The target of Mitch's ridicule sinks low under the brim of a Malcolm X baseball cap and fixes his bemused stare on the few chess pieces that still stand before him, struggling to reckon with the incontrovertible truth of a checkmate. "Any way I make it I can't get out of it," mutters Rodney, as he restores the pieces to an earlier position and tries to figure out where he went wrong. He reaches for his can of Ballantine Ale and brings it halfway to his lips before he realizes it's empty. "I can't get out of it."

"What you say?" Mitch catches the opening bass riff of Curtis Mayfield's "Pusherman" as it slides out of the two dusty speakers that sit on the barbershop floor. "Whadyousay?" He shuffles back toward the table, cupping his hand to his ear and feigning deafness.

"Any move I make," Rodney mumbles, no louder than before, "I can't get out of it."

"These guys," says Mitch, pointing at two men leaning intently over another board, "when they beat me I'm all ears, 'cause they bad! But this guy...." He jabs a finger toward Rodney. "You can kick him, hit him upside the head, knock him down, and he still won't admit it." He exaggerates a sigh and helps Rodney reset the pieces for the fourth of their late-afternoon confrontations.

"Professor" Ted Lampkin, the shop's 40-year-old proprietor, stands at his familiar post behind his barber's chair, smiling his benign smile on the cycle of celebration and defeat and tending to a troublesome boy who squirms uncooperatively mid-cut. Currently the headquarters of the predominantly black Miami Knights Chess Club, Professor Lampkin's Barber Shop in Opa-locka plays host to some of the most aggressive, colorful, and masterful chess in South Florida. Rarely does an hour pass when at least one of Lampkin's several chess sets isn't locked in furious battle, whether commanded by experts or fumbled by eager schoolkids.

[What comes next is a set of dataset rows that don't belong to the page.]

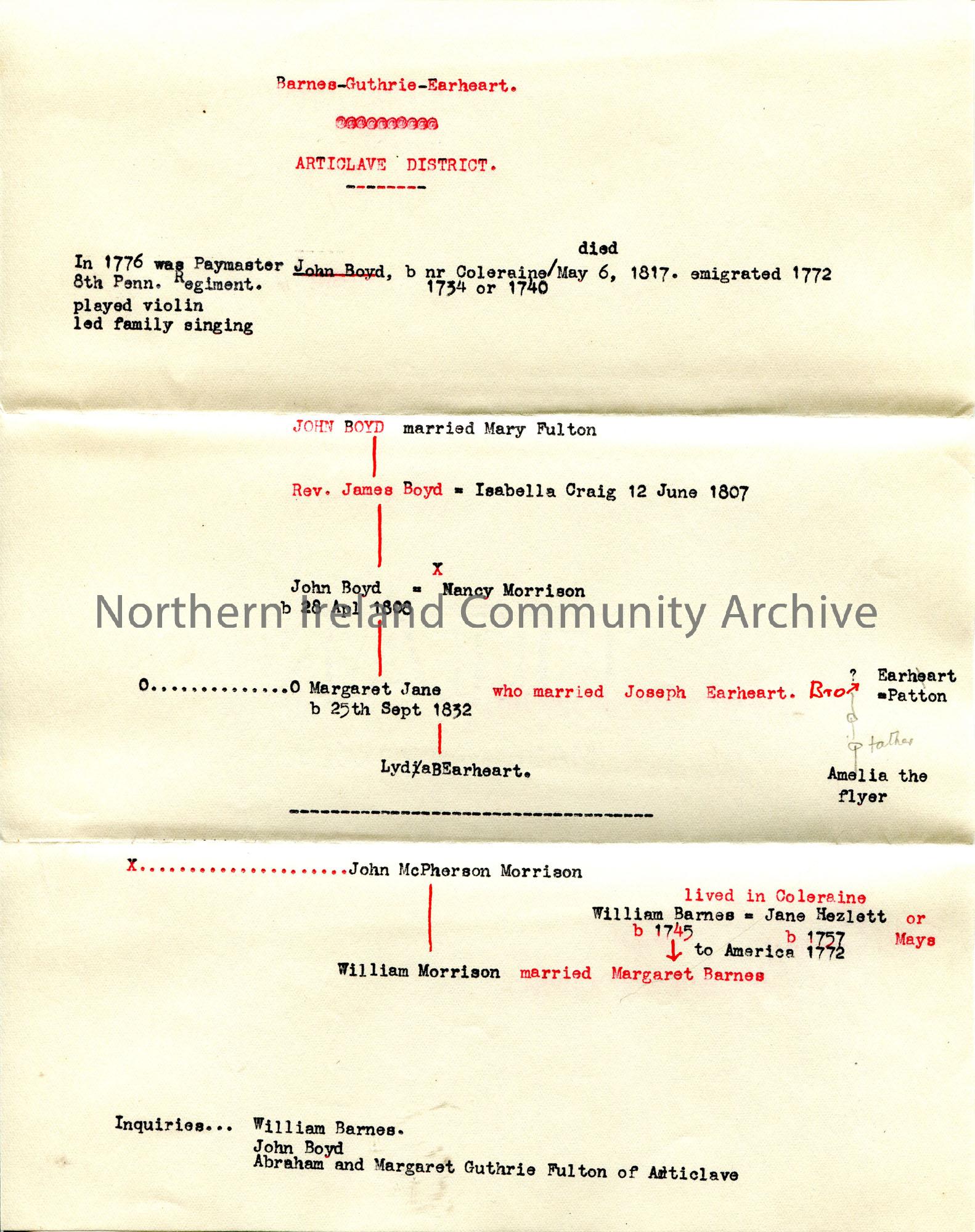 Typed family tree of John Boyd from Coleraine who emigrated to America 1772. The notes are headed, 'Barnes-Guthrie-Earhart. ARTICLAVE DISTRICT'. This was genealogy research carried out for Miss Lida B Earhart, Washington.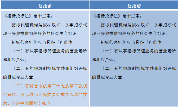 拥有自己的评标专家库,不再作为招标代理机构的必备条件。《招标投标法》第三十七条规定,评标专家由“招标人从国务院有关部门或者省、自治区、直辖市人民政府有关部门提供的专家名册或者招标代理机构的专家库内的相关专业的专家名单中确定”。据此,无论是招标代理机构组建的专家库,还是政府相关部门提供的专家库,都可以用来确定评标专家。所以,是否拥有自己的专家库,不会对招标代理工作产生影响。这一条款的删除,将使那些本来拥有自己专家库的招标代理机构不再拥有“先发优势”或“资源壁垒”,方便了造价咨询单位、项目管理单位等咨询公司进入这一领域。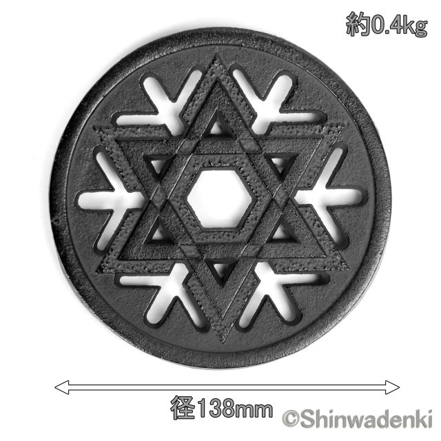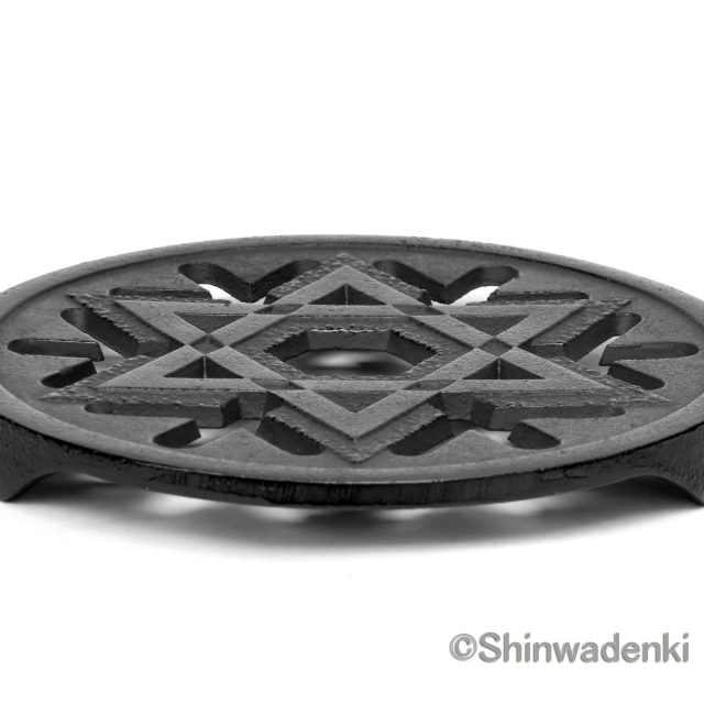 ●職人の技が光る複雑な造形美 冬の静けさの中にきらめく雪の結晶をモチーフにした南部鉄器の敷物です。

For as long as Lampkin can remember, there's always been a chess set ready to go in his shop, back when the business was housed in North Miami, and even before that, when it was located several blocks away from its present site in this impoverished, predominantly black city that is perhaps best known to outsiders for its junkyards and extraordinarily high crime rate. The chess custom, Lampkin will point out, evolved from another time-honored tradition in many black barbershops, where checkerboards were nearly always a part of the furniture.

But the establishment is something greater than an arena for cerebral and street-savvy gamesmanship. As caretaker of a disappearing tradition A the neighborhood barbershop A Professor Lampkin and his shop serve as a nexus of local gossip and opinion, and a sanctuary for men seeking refuge among their own. "The barbershop is a meeting place, a place where men can come to exchange ideas or work off their frustrations under a nice lather and shave," Lampkin says. "Over the years we black people didn't have many places to hang out. Barbershops have always been hangouts. Someone's got to keep the tradition alive."

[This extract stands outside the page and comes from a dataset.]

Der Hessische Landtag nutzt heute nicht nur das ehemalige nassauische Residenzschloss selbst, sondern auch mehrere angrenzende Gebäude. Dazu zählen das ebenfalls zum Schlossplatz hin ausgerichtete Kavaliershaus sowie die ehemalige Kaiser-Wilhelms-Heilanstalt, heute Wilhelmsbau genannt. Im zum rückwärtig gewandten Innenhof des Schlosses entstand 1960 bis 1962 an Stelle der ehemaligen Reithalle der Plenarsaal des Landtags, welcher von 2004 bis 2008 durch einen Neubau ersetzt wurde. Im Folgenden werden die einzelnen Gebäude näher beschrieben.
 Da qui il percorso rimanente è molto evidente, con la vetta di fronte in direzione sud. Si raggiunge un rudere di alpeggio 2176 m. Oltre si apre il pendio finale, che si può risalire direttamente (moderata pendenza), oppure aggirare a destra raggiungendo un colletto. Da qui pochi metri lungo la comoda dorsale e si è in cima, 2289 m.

Afternoons bring the best players to the shop as the men get off work, and the games invariably continue well after Lampkin lowers the blinds at 6:00 p.m., pulls the front door shut, and cranks up the air conditioner. Competition is tough, trash-talking irrepressible. "I got Red talking over here, saying he's going to win this game," scoffs a middle-age auto-body mechanic and Miami Knights Chess Club member whose friends call him Zay. The men are battling in the endgame, and Zay, who is considered one of the club's superior players and who holds a United States Chess Federation rating of about 2000 (an "expert" in USCF parlance; players earn ratings by playing in USCF-sanctioned tournaments) is down two pawns.

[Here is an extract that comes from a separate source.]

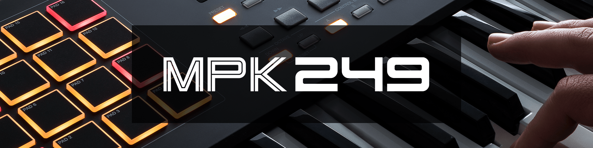 MPK249 comes equipped with 49 semi-weighted, full-size keys and a premium piano-style keybed for unprecedented response and natural feel. Each key is velocity-sensitive and outfitted with aftertouch for dynamic, expressive performances and recordings. In addition, onboard Octave Up and Down controls allow players to access the entire melodic range; play bass lines, piano harmony, solo leads and much more.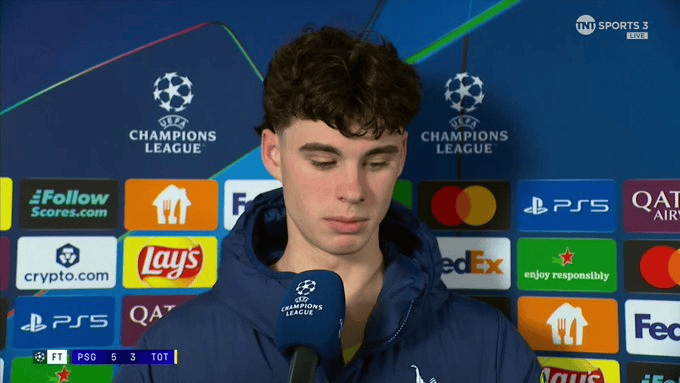 虎扑11月27日讯托特纳姆热刺中场阿奇-格雷在3-5输给巴黎圣日耳曼的欧冠赛后,给与TNTSport采访。

"I'm going to win the game." Red flashes a mouth full of gold.
"He saying like he gonna win this game. Ha! You hear that 'Fess? He saying like he gonna win."

The men face each other at a ten-foot-long folding buffet ringed by collapsible metal chairs. Just big enough to lay out four boards in a row, the table is the focal point of the narrow shop, which is modestly furnished and slightly disorganized in the way of a bachelor's apartment. Several customers, all of them men, rest in various states of consciousness in the waiting area near the front of the shop. Scattered here and there are objects that serve no apparent purpose but have become so much a part of the surroundings that they probably won't ever be removed: an empty candy dispenser falsely promising M&M's, jellybeans, and after-dinner chocolate mints; a defunct cash register; and an empty rack for the distribution of the used-goods classified magazine Show & Sell, the sort found at the entrances to supermarkets. A black-and-white television, broken for weeks, still sits in an alcove in the wall.